La loi n° 2019-1461 du 27 décembre 2019, relative à l'engagement dans la vie locale et à la proximité de l'action publique, a ouvert des moyens nouveaux à l'autorité compétente pour délivrer les autorisations d'urbanisme - bien souvent le maire - afin de compléter utilement le dispositif pénal et de permettre une action rapide du maire pour traiter les infractions en matière d'urbanisme, dont la "cabanisation".
Puis tout récemment, l'article 26 de la loi de simplification du droit de l’urbanisme et du logement du 26 novembre 2025 est aussi venue renforcer les pouvoirs de police administrative pour lutter contre la "cabanisation" et alourdir considérablement les sanctions en cas de constructions illégales notamment le montant des astreintes.
Comme cela est souligné par le rapport de la commission, les élus locaux ne se sont pas encore pleinement emparés de ces nouvelles procédures récentes par ignorance de leur existence ou par manque d’ingénierie, il n’apparaît donc pas utile de créer de nouveaux outils juridiques, très sévères pour les occupants qui viendront encore complexifier la compréhension des procédures.
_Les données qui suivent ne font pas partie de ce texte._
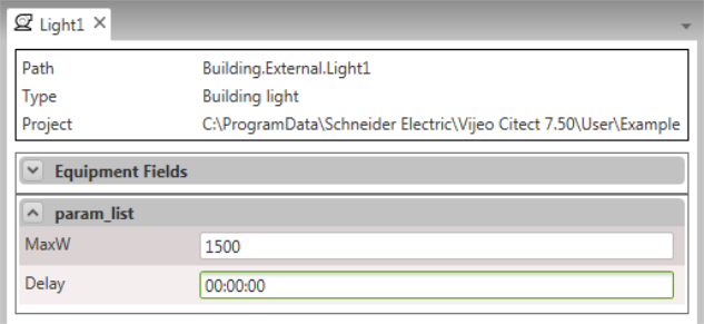 The Citect SCADA Example project includes an equipment type named "Building Light" that has two parameters defined:

En effet, la suppression en commission de l’obligation de relogement des familles en cas d’expulsion et de destruction de leur habitat apparaît comme une atteinte grave au droit au logement.
Cet article ainsi modifié traduit donc un acharnement répressif, plutôt qu'un accompagnement de élus locaux, allant jusqu’à contourner le juge judiciaire, ce qui va davantage précariser et criminaliser un public souvent en état de nécessité alors que l’arsenal juridique existant à disposition des élus locaux est largement suffisant.